Data provided:

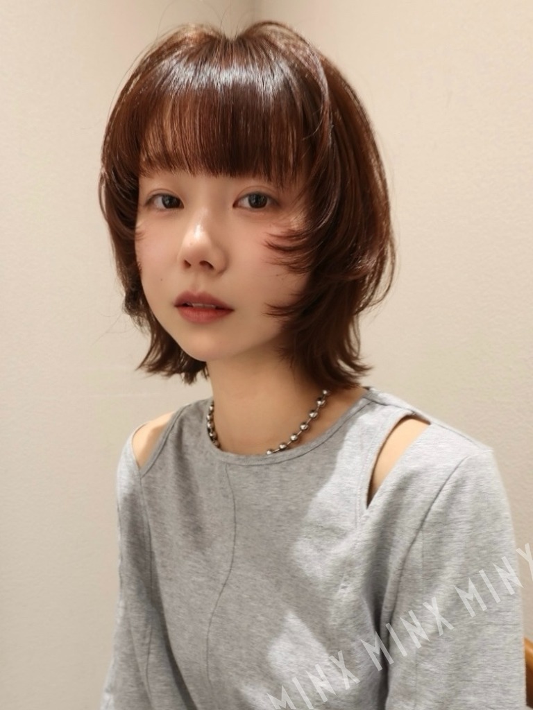 - 顔まわりにしっかりレイヤーを入れた軽さのあるボブウルフ。
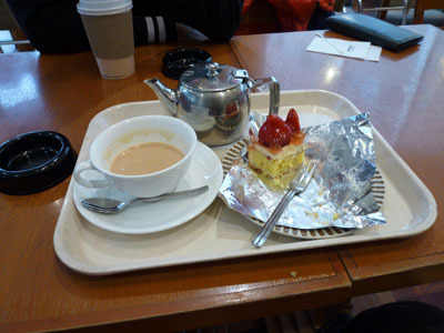 カフェでお茶して時間潰しですわ。
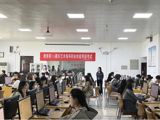 考试分为理论机考和线下实操两个部分, 5 月 19 日上午,在我校 204 号机房顺利开展理论机考。 5 月 19日下午及 2 0 日,线下实操考试有序进行, 69 名考生分为 3 个场次,考试过程中,考评员认真负责,对学生说课、答辩、 视 奏进行考核 。 监考老师严肃考场纪律、考试秩序稳定,考生按时到场、遵守考场纪律、认真完成考试。 音乐与舞蹈 学院 史昀冉、张梦晗两位 老师担任此次技能考试的考评员。院长 陈新宇 、 副院长任远 考场视察、巡考,对考务工作给予充分支持和肯定。
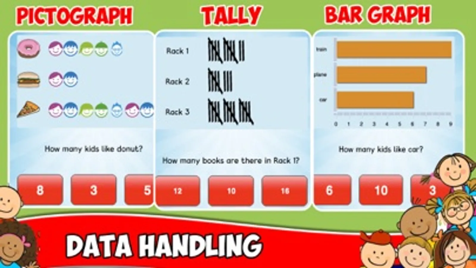 Shapes, Pictograph, Bar Graph, Tally Marking, Measurement, Patterns.
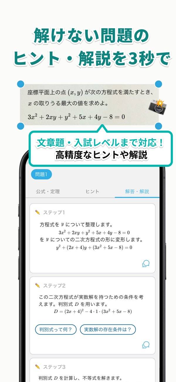 - スマホで撮るだけで問題に合わせたヒントや解説がすぐ表示
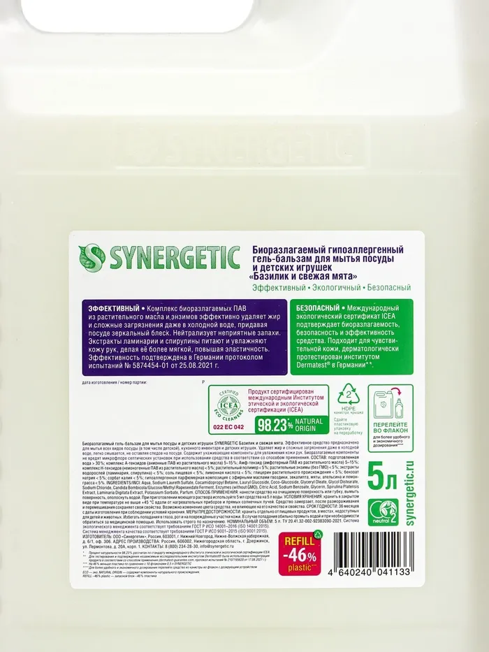 Гель-бальзам для мытья посуды Synergetic «Базилик и свежая мята», 5 л — Характеристики
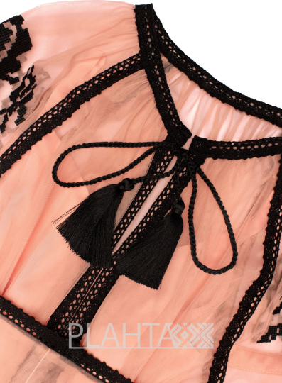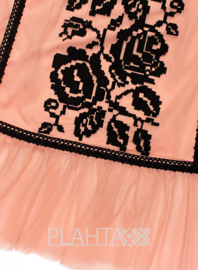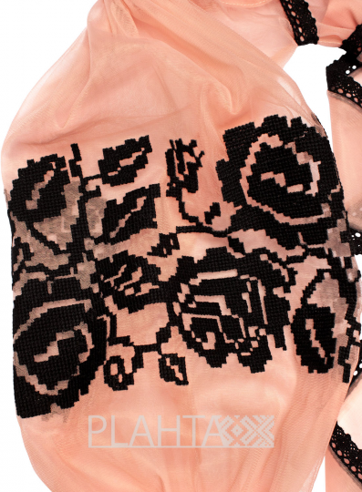 Легкий кораловий фатин прикрашен трояндами, вишитими в автентичному українському стилі. Троянда - улюблена квітка українців, яку здавна вишивали на одязі й рушниках. Ніжні квіти, зібрані в геометричний орнамент, втілюють уявлення людини про Всесвіт як про гармонійну систему. Крім того, троянда - це символ дівочої вроди та привабливості.
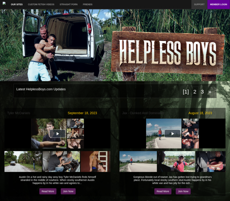 Helplessboys.com is a premium gay porn site featuring the Helpless Boys series, part of the Fetish Network. It offers high-quality, professional productions with a focus on kidnapping fantasies. Users can access a variety of series, including Busted Boys and Boy Creeper, with both gay and straight content available. The site requires a monthly subscription of $39.95 or an annual plan of $199.92, providing access to all current and future series. With a clean, ad-free layout and detailed video previews, Helplessboys.com ensures a seamless and exciting user experience. A 2-day free trial is available for new users to explore the content before committing.
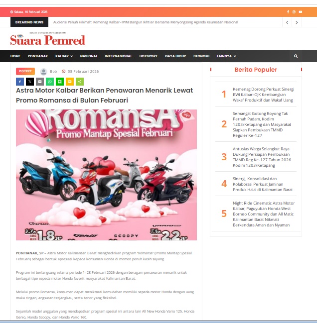 Astra Motor Kalbar Berikan Penawaran Menarik Lewat Promo Romansa di Bulan Februari by masmul 8 Februari 2026 in Silahkan kunjungi https://www.suarapemredkalbar.com/read/potret/08022026/astra-motor-kalbar-berikan-penawaran-menarik-lewat-promo-romansa-di-bulan-februari. You Might Like Regional Public Launching New ADV160 The SUV Pride Grand Launching New PCX 160 Truly Exceptional! Tetap hati-hati ya bro sist berkendara saat hujan.
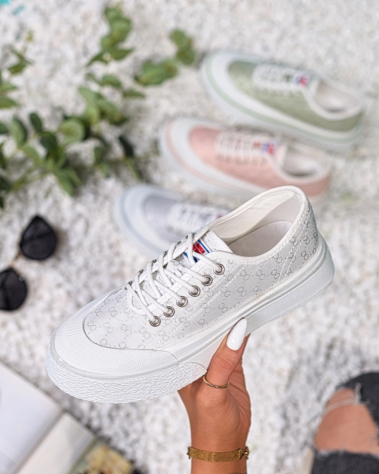 - Мега стильні жіночі кеди на шнурівці, декоровані блискучою ниткою. Модель повністю виконана з тканини. Комфортні та зручні завдяки потовщеній гумовій підошві. Ідеальні для повсякденного носіння! УВАГА: модель може мати сліди клею на п'яті.
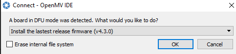 First, Install both the Arduino IDE and OpenMV IDE. OpenMV IDE is used to view the camera output and run inference scripts, while the Arduino IDE is used to update the bootloader on the Portenta H7. Follow the steps below to ensure you have the latest version of the bootloader: Connect the Vision Shield to the Portenta H7. Connect the Board to your computer with a USB-C cable. Open your Arduino IDE, make sure your board is connected, then click Files > Examples > STM_32H747_System > STM_32H747_manageBootloader .
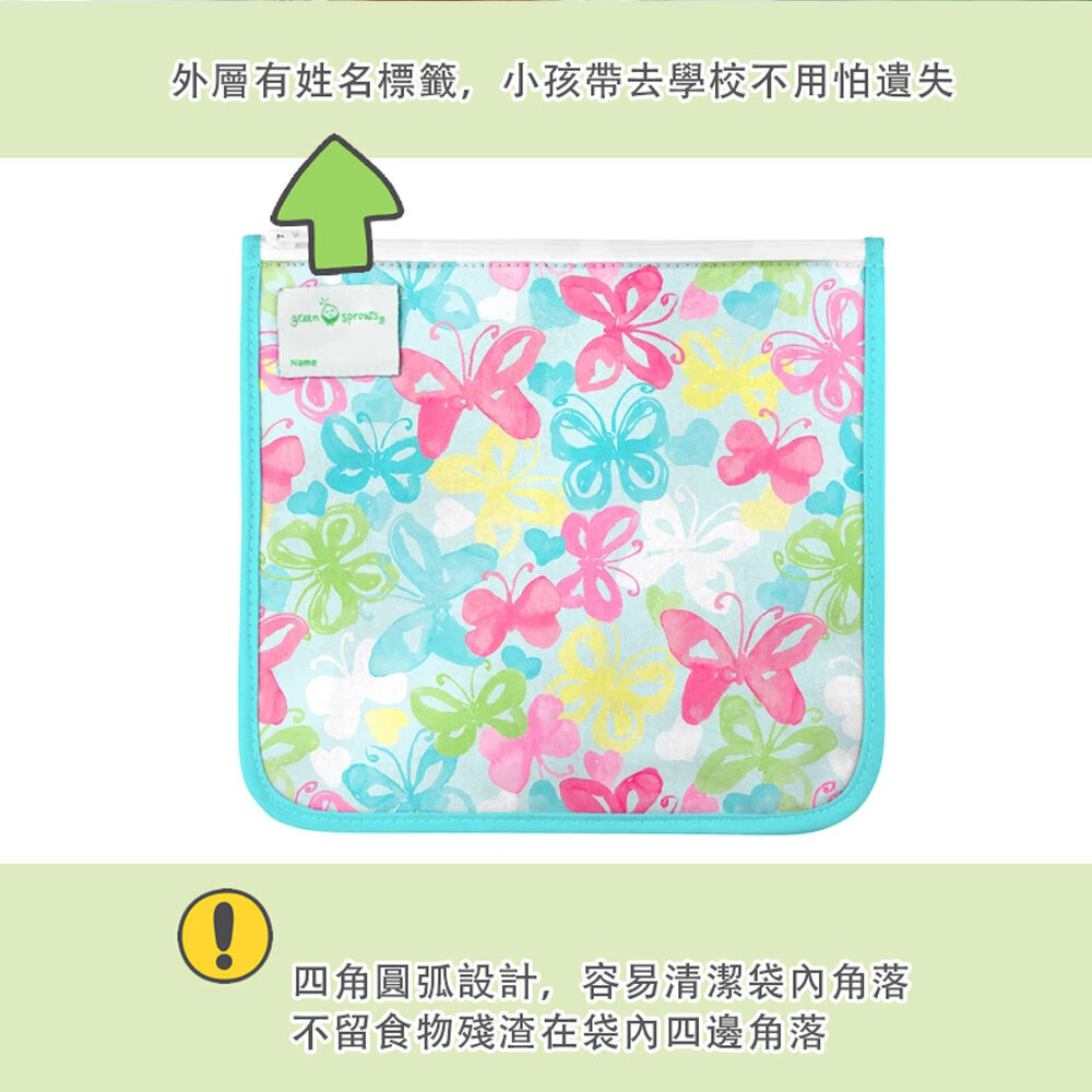美國 green sprouts 小綠芽可攜式、具保溫功能食物袋/零食袋與/三明治袋/小物收納袋 (可放三明治/食物/固齒器/奶嘴) 兩入組_蝴蝶甜心_GS165373-AB
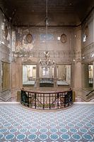 Aegidium is een prachtige verlaten bioscoop, verborgen in het volle zicht in een drukke straat in Brussel, België. Van buitenaf zou je niet verwachten dat er achter de kleine deur meerdere kamers met een totale oppervlakte van 3.260 m² zijn gelegen. Een mix van art nouveau en art deco-elementen is terug te vinden in het hele gebouw. De hoofdzaal (bioscoop) is echter ontworpen in een prachtige Moorse stijl door architect Léon Denis. Dit is een foto van de ingang van de vergaderruimte.
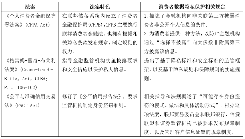 作为个人数据隐私以及金融隐私监管最为严格的国家之一,美国在联邦政府和州政府层面均有出台相关的法案和非约束性指导原则,其具体监管框架较为复杂且处于不断发展的状态。相关的监管原则以及指导方针分布于不同的法律法规之中,赋予了联邦层面和州层面的个人数据监管机构和金融监管当局规范数据机构行为的权利。在美国从事经营活动的数据机构需要同时考虑其在联邦层面和所在州州政府层面的数据隐私合规问题。
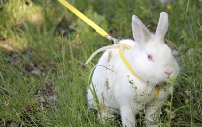 Кролику можна гуляти і на вулиці. Для цього потрібно буде придбати спеціальну жилетку з повідцем.
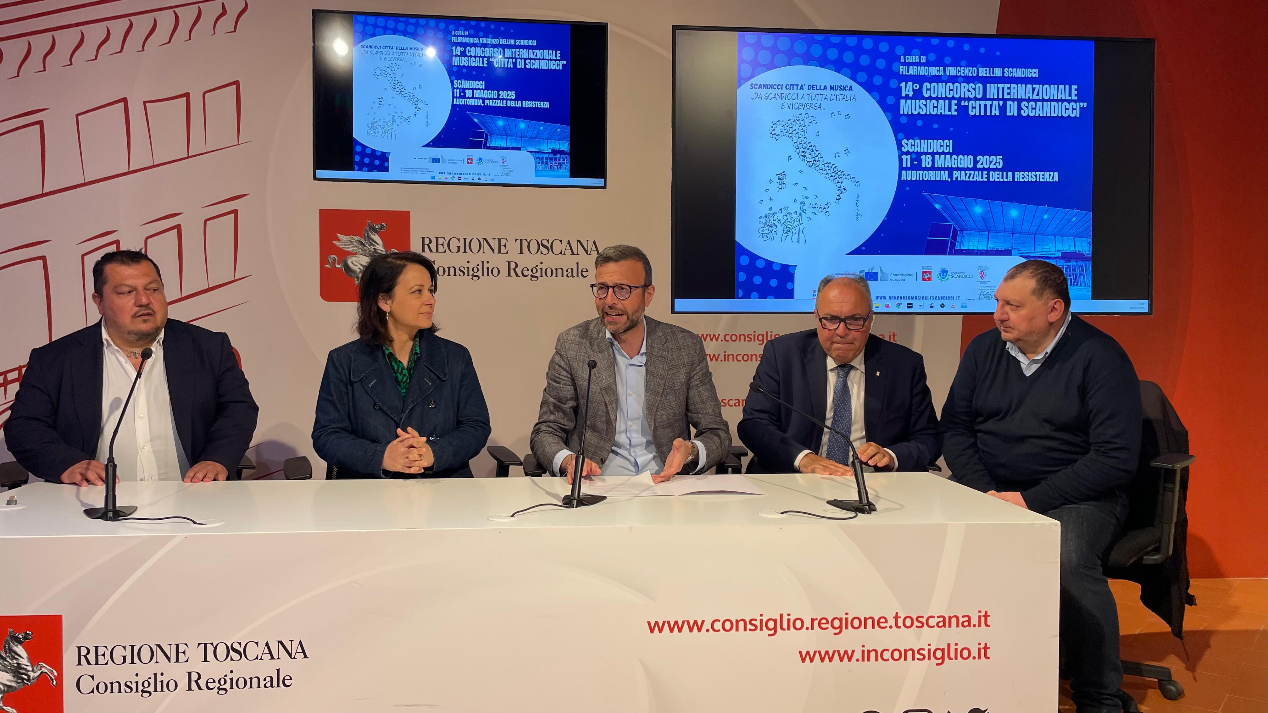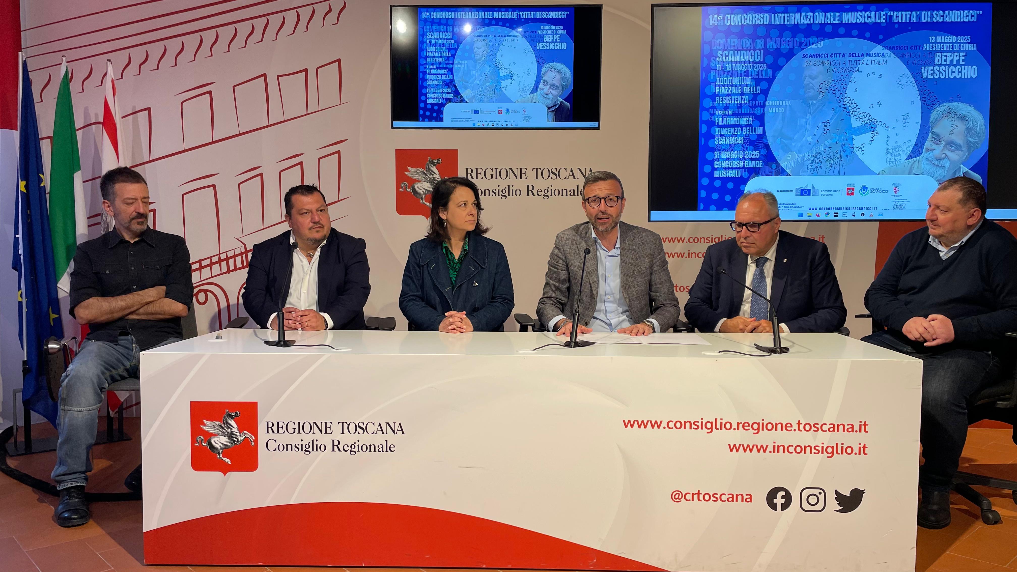 All’incontro con gli organi d’informazione hanno preso parte il presidente del Consiglio regionale Antonio Mazzeo, il consigliere regionale Fausto Merlotti, la sindaca di Scandicci, Claudia Sereni, il presidente della Filarmonica ‘Vincenzo Bellini’ Luciano Marino e il chitarrista, produttore e compositore Giuseppe Scarpato.

Task item: With pictures excluded, copy exactly the lines from the line containing "作为个人数据隐私以及金融隐私" through the last line of the listing above, both ends included.

Output below:
 作为个人数据隐私以及金融隐私监管最为严格的国家之一,美国在联邦政府和州政府层面均有出台相关的法案和非约束性指导原则,其具体监管框架较为复杂且处于不断发展的状态。相关的监管原则以及指导方针分布于不同的法律法规之中,赋予了联邦层面和州层面的个人数据监管机构和金融监管当局规范数据机构行为的权利。在美国从事经营活动的数据机构需要同时考虑其在联邦层面和所在州州政府层面的数据隐私合规问题。
 Кролику можна гуляти і на вулиці. Для цього потрібно буде придбати спеціальну жилетку з повідцем.
 All’incontro con gli organi d’informazione hanno preso parte il presidente del Consiglio regionale Antonio Mazzeo, il consigliere regionale Fausto Merlotti, la sindaca di Scandicci, Claudia Sereni, il presidente della Filarmonica ‘Vincenzo Bellini’ Luciano Marino e il chitarrista, produttore e compositore Giuseppe Scarpato.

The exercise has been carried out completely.